On 2/29/12 2:34 PM, Alex Rønne Petersen wrote:
On 29-02-2012 18:32, Andrei Alexandrescu wrote:
On 2/26/12 9:51 PM, Adam D. Ruppe wrote:
https://github.com/downloads/adamdruppe/dtojs/dtojs.zip
[snip]

That's interesting. So the idea is to make an entire subset of D
convertible to Javascript?

What use cases do you have in mind?


Andrei


Avoiding writing JS directly in web apps comes to mind.


I think it's cool you can convert D to JS, but I don't see why anyone would want to do it.
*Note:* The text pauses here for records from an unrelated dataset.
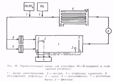 Специальная схема включает электроды сравнения 3, изготовленные в виде тонких никелевых стержней, и регулирующее устройство 4, поддерживая на ванне постоянное значение (~0,6 В) «защитного потенциала». Катоды и электроды должны иметь по возможности малую поверхность для предупреждения выпадения осадка. Система циркуляции и регенерации раствора включает в себя центробежный насос 5, теплообменник б для поддержания необходимой температуры, бачки 7 для пополнения раствора реагентами и фильтры 8, через которые откорректированный раствор вводится вновь в ванну. По аналогичной схеме работают установки барабанного типа.
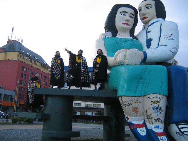 Escultura de los amantes de Puerto Montt. !Senalando al revés que Colón!, jeje...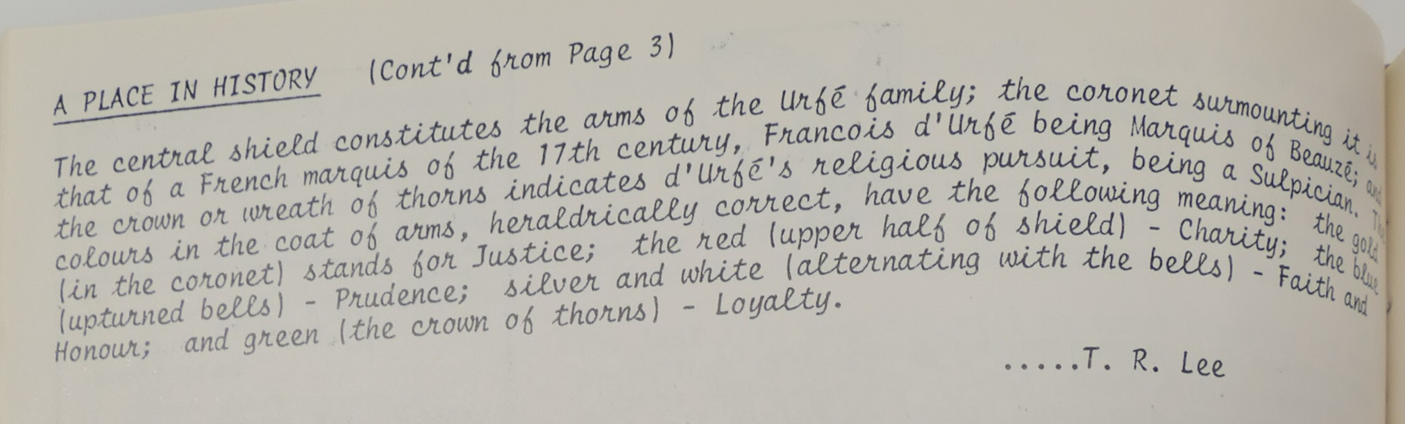 The central shield constitutes the arms of the Urfé family; the coronet surmorunting it is that of a French marquis of the 17th century, Francois d'Urfé being Marquis of Beauzé [Baugé] and the crown or wreath of thorns indicates d'Urfé's religious pursuit, being a Sulpician. The colours in the coat of arms, heraldrically correct, have the following meaning: the gold (in the coronet) stands for Justice; the red (upper half of shield) - Charity; the blue (upturned bells) - Prudence; silver and white (alternating with the the bells) - Faith and Honour; and green (the crown of thorns) - Loyalty.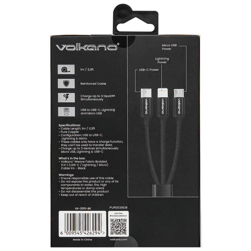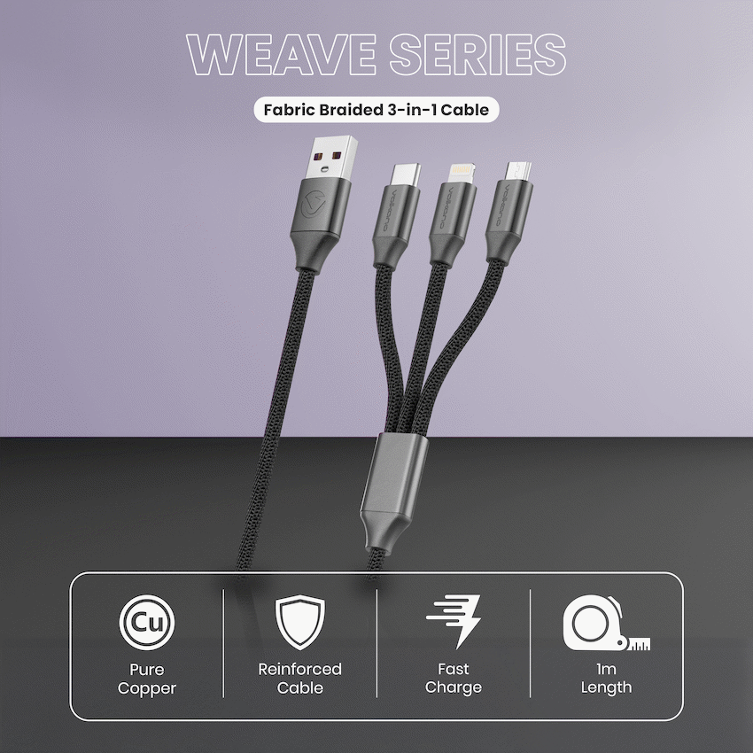 Reinforced cable with a special weaved design for increased durability and reliability.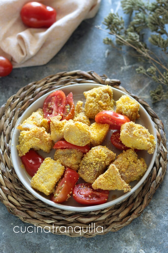 Serve the perch bites, still hot, with a delicious salad of cherry or grape tomatoes, or with a fresh leafy green version, such as iceberg lettuce or romaine lettuce previously washed and cleaned.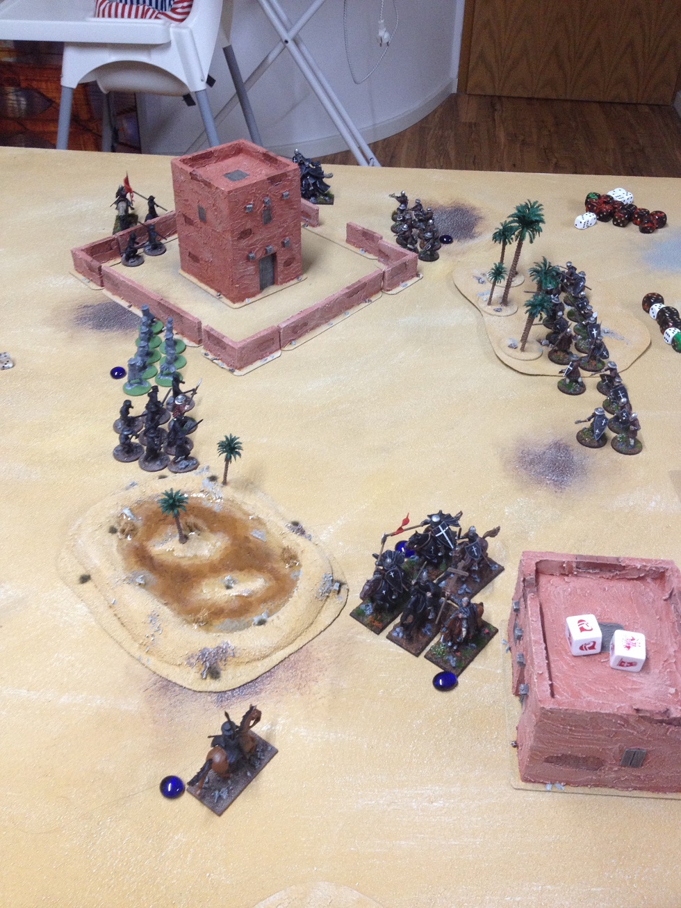 Die Kreuzfahrer meines Bruder bestanden aus vier Veteranentrupp (zwei berittenen und zwei zu Fuß) und zweimal Krieger (ebenfalls mit einem Trupp Armbrüsten).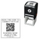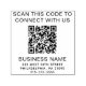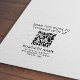 Carimbo de promocional moderno e simples para a sua empresa ou organização. Adicione seu código QR e duas linhas de texto personalizado, como "digitalizar para se conectar conosco" e o nome, endereço e número de telefone da sua empresa.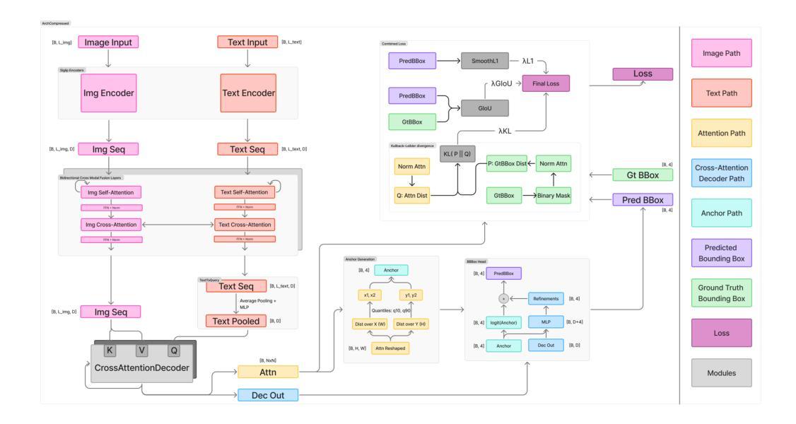 - 提出了一种基于注意力的神经网络架构,用于处理多语言REC任务。该架构利用多语言SigLIP2编码器,并通过注意力分布生成粗略的空间锚点进行定位。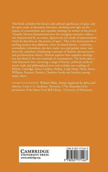 This 2000 book considers the literary and cultural significance of spice, and the spice trade, in Romantic literature, shedding new light on the impact of consumerism and capitalist ideology on writers of the period. Timothy Morton demonstrates how the emerging consumer culture was characterized by an ornate, figuratively rich mode of representation which he describes as 'the poetics of spice'. This is the focal point for a probing analysis that addresses a host of related themes - exoticism, orientalism, colonialism, the slave trade, race and gender issues, and, above all, capitalism.…mehr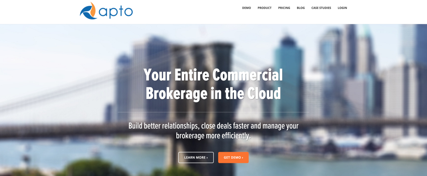 Out of frustration following our third implementation, I decided to build my own. I had an established brokerage business at that point and there wasn’t any intent to take it to market but after receiving an abundance of interest, Apto was created. I left the brokerage business in 2013 to focus on building Apto and growing the company.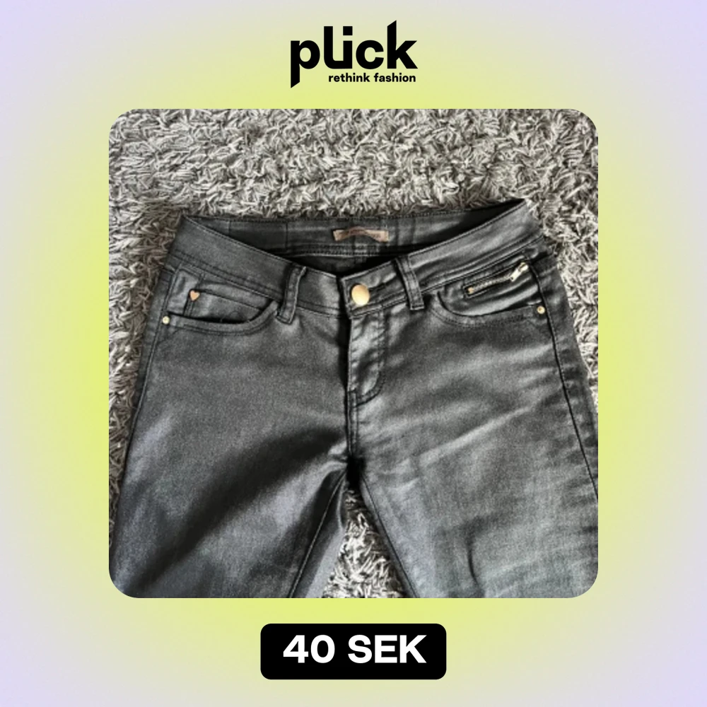 svarta skinn byxor med låg midja i mycket bra skick utan defekter. normal i storleken. midjemått: 36cm rakt över innerbenslängd: 77cm
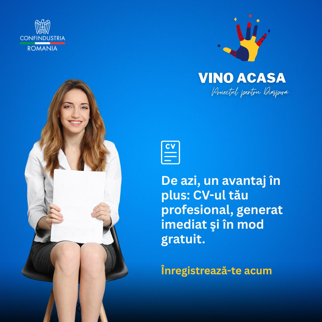 Vino Acasa este o inițiativă a Confindustria România care, împreună cu Mutua UNIREA, AMR – Asociația Municipiilor din România, Universitatea Babeș-Bolyai din Cluj și Intesa Sanpaolo Bank, oferă cinci avantaje concrete pentru întoarcerea în România: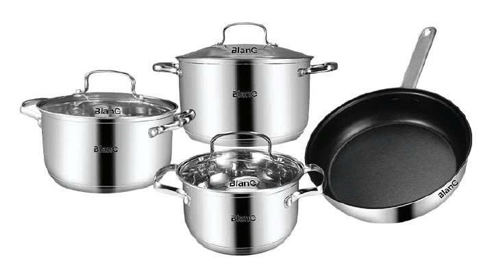 > Sản phẩm bao gồm 3 nồi có vung với các kích thước là 16x9.5 - 20x11.5 - 24x13cm và 1 chảo chống dính 24x65cm |
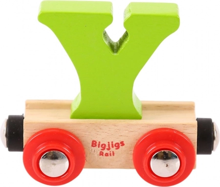 Maak je eigen naamtrein met de wagon met de letter Y van BIGJIGS RAIL. Stevige houten uitvoering, magnetische koppelingen en een afneembare letter voor spelenderwijs leren van het alfabet en het ontwikkelen van fijne motoriek.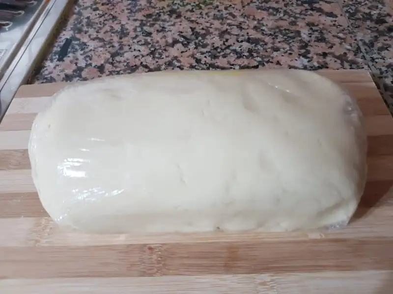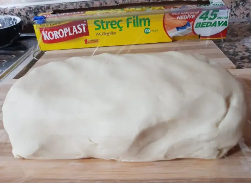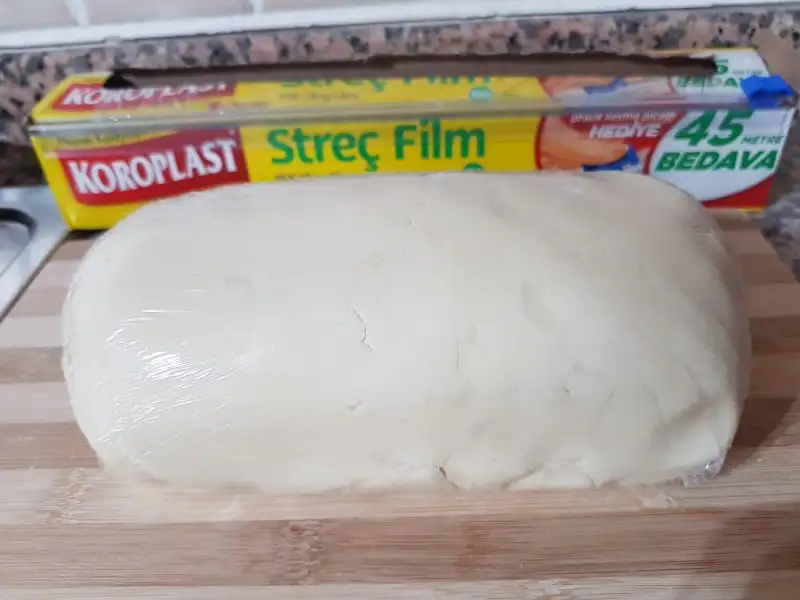 Sonra hamuru strech filme sararak yaklaşık yarım saat buzdolabında bekletin.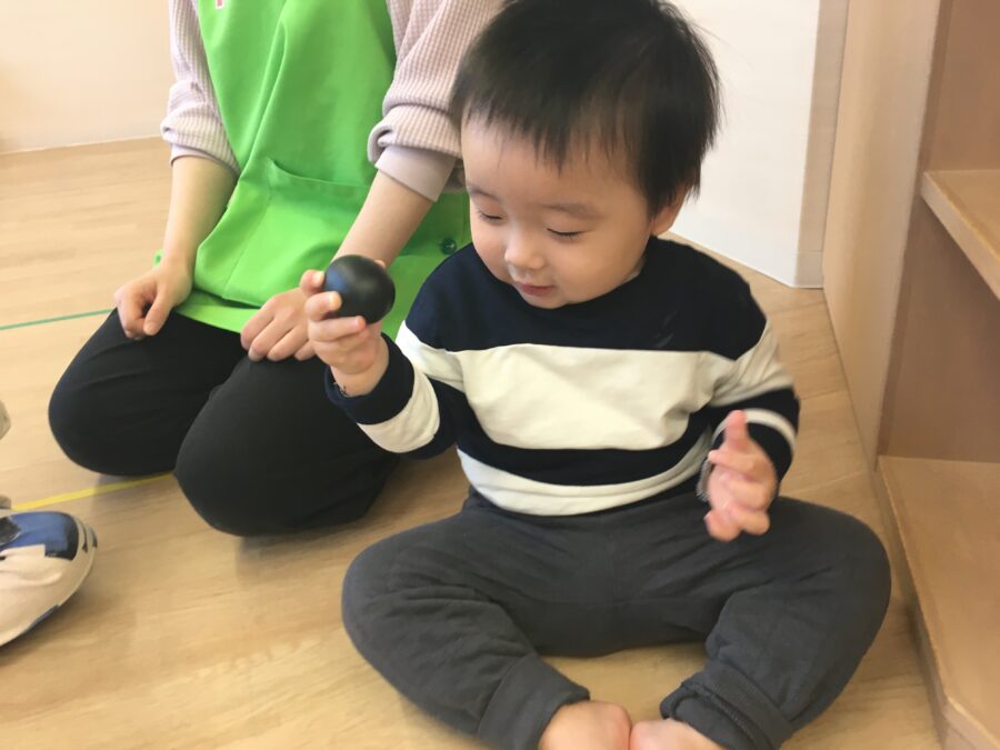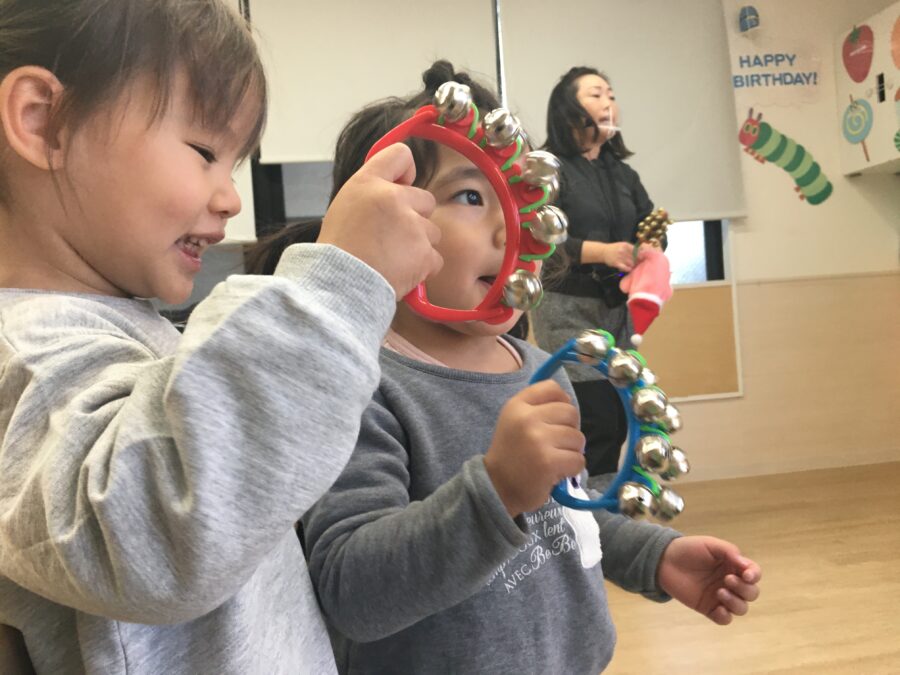 ピアノのリズムに合わせて、タンバリンをトントンと叩く時には、自分の所に早く来ないかとソワソワし、近くにタンバリンがくると、離れたところから手を伸ばして叩こうとしていて可愛らしかったですよ😄

1. JS is a superior language: variables are dynamic and are not bound to just one single type during their lifetime. JS objects can store any property. 2. JS funcions are much easier to write (no need to declare types) and also to pass around (no need to write "&"). If you'd like to annotate variables, you could use Closure: https://developers.google.com/closure/compiler/docs/js-for-compiler 3. With JS you don't have to compile and run your code (well, I guess you could make something smart in D for that). 4. If you write JS you can debug it in the browser. No need to track back to the original source code. 5. If you don't like JS syntax or verbosity, you can use CoffeeScript, which is just a syntax rewriter, not a language/paradigm shift: http://coffeescript.org/ 6. Javascript objects have some built-in properties that are different from D. So implementing those in D would make their performance worse (but you can always hard-code those functions into the compiler and translate them directly to their JS equivalent).

The good thing about writing in D is that you could probably get some IDE for autocompletion and such. You might also like to type things instead of using dynamic types.